After all, the voice is the first instrument and the one nearest the heart; when we try to “sing” on our flutes, we are trying to do what comes more naturally to the singer. And find out what each aria is about. The dramatic situation in which each of them occurs will inspire you to feel, and to convey, the sentiment and emotion involved. Each piece should be practiced in two keys per day so that the lips will gain mastery of the sequences of intervals, no matter what key they might be in. I prelude each selection with “Frere Jacques”, “Three Blind Mice”, and a chord sequence of Tonic, Sub-dominant, Dominant, and Tonic, to place all the notes correctly in the key, constantly striving for greater purity of intonation. (I think it is the shrieky, out-of-tune playing one sometimes hears form large gatherings of young flutists that “turns-off” so many listeners.)

Now we gradually move into compositions making greater and greater demands, both as to expression and range. One of my favorite songs to practice is “The Last Rose of Summer”, which has several octave skips and one skip of a tenth. Many years ago this lovely song was the coloratura soprano’s great test piece for breath control and dynamic variety.

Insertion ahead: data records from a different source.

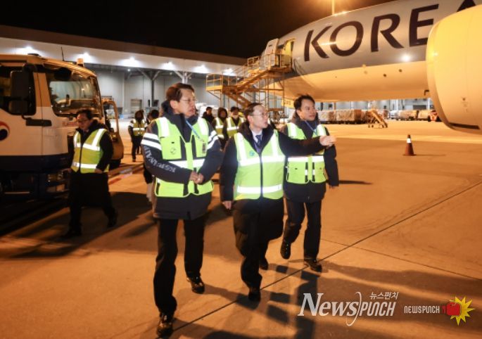뉴스펀치 김길룡 기자 | 이명구 관세청장은 1월 1일 새해 첫 현장 일정으로 인천공항 대한항공 화물터미널을 방문하여 반도체 수출화물 통관 현장을 점검했다. 이 청장은 현장 관계자들과 새해 인사를 나누고, 수출 현장에서 묵묵히 역할을 수행해 온 관계자들의 헌신에 감사를 전했다.
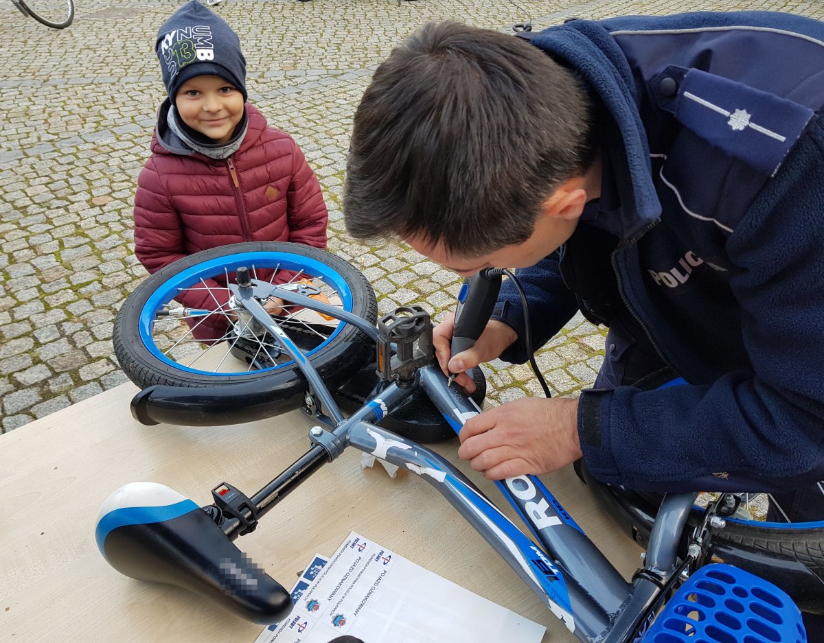 Podczas festynu na skwerze, policjanci dbali o bezpieczeństwo uczestników oraz znakowali rowery.
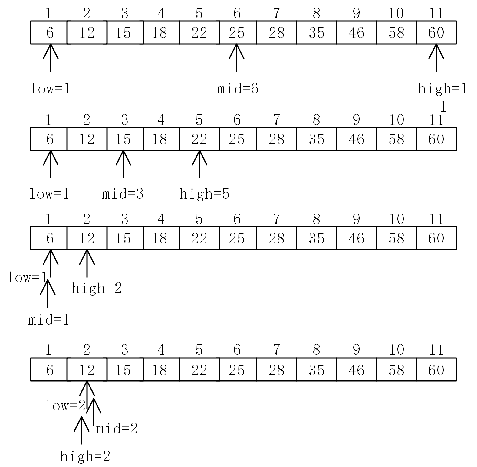 举例:列表中有11个元素(6,12,15,18,22,25,28,35,46,58,60),给出使用折半查找法查找12的过程。
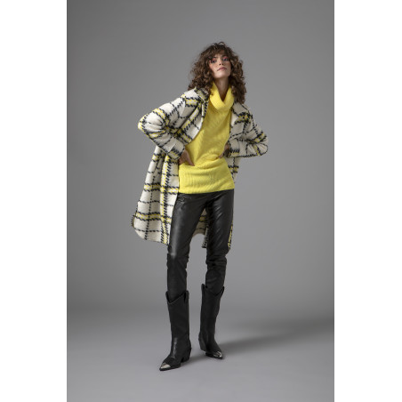 Jersey de manga larga y cuello vuelto caído, en punto liso. Disponible en color amarillo y fuxia. SEE THE MOON.
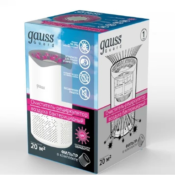 Очиститель воздуха бактерицидный Gauss GR001 может работать в присутствии людей и животных, так как источник ультрафиолетового излучения находится внутри прибора и безопасен для глаз и кожи.
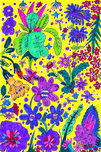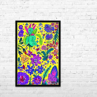 A hand drawn nature inspired design created using coloured ink pens and paper. Features brightly colored flowers and plants fill the frame with a vibr...[+]
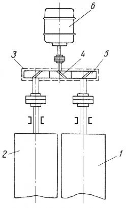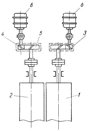 Рис. 2.3.9. Привод несущих валов от одного электродвигателя: 1 и 2 – первый и второй несущие валы; 3 – редуктор; 4 и 5 – ведущая и ведомая шестерни; 6 – электродвигатель редуктора, приводная шестерня которого соединена одновременно с двумя зубчатыми колесами, надетыми на цапфы несущих валов. Большая плотность намотки рулонов достигается при скорости второго по ходу бумаги несущего вала, несколько превышающей (на 1-2%) скорость первого несущего вала.
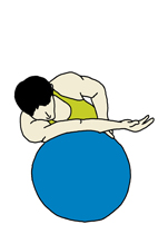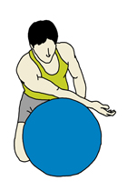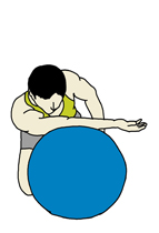 ボールを用いないでもよく行われている典型的な肩のストレッチになります。ボールが持っている弾力性をストレッチにも利用して見ましょう。
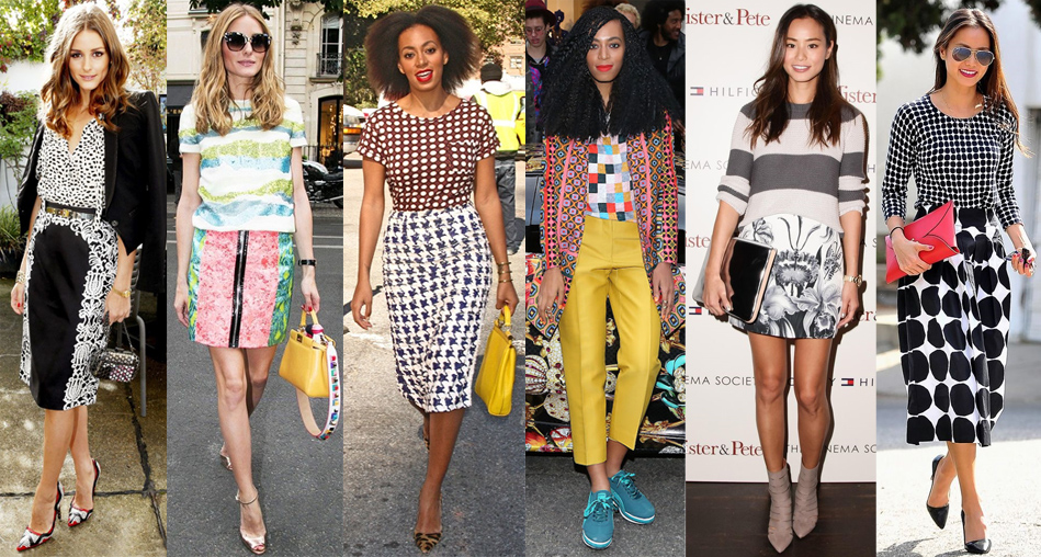 Olivia Palermo, Solange Knowles, & Jamie Chung mixing prints.

Take plenty of time for the little gruppetto and exaggerate the crescendo diminuendo in the notes with fermata. Just for fun, learn the variations on “The Last Rose of Summer” by Theobald Boehm, which can be found in the Moyse collection “The Golden Age of Flutists”. In playing a theme and variations be sure to practice the melody until you can really “sing” it; then add the variations, being sure to analyze the flutistic problems, then solve them through patient but enthusiastic practice. Remember that suppleness of the lips and lightness of the articulation are absolute requirements for playing such pieces.

What a great satisfaction it is, on a good day when the lips are in shape and everything is just right, to be able to play a lovely piece with warmth, with thoughtfulness, with the proper expression, and to have nothing between your musical thinking and the sounds that reach our listeners’ ears. This can come only after years of hard work, and proper work; that is, without undue tightness of the basic embouchure, with correct breathing and support of the tone, with freedom of the throat permitting a free flow of the air without “nanny-goats” or electronic-organ vibrato, and with smooth, light finger action that will not harm the legato. Borrowing the youthful happiness of Mozart’s “Cherubino” the poignancy of sadness, anger, and pain.

Verdi’s “Violetta”, “Rigoletto”, “Desdemona”, etc., the wistfulness of Delibes’ “Lakme”, the optimism of Rodgers’ “Nellie Forbush”, the sprightly charm of Schubert’s songs and the velvet of songs by Brahms and so on and so on – we shall not only help develop out flute playing, we shall enrich ourselves as human beings. If Shakespeare said “If music be the food of love, play on”, we shall say, “Since love is the food of music, play on we shall”.

Bernard Goldberg made his solo debut with the St. Louis Symphony when he was 16 years old. He attended the Juilliard School of Music in New York as a scholarship student of Georges Barrere and joined the Cleveland Orchestra in 1943 He accepted the position of principal flute with the Pittsburgh Symphony Orchestra in 1947, a position he held until 1993, when he retired.

This article is reprinted from the Flute Forum.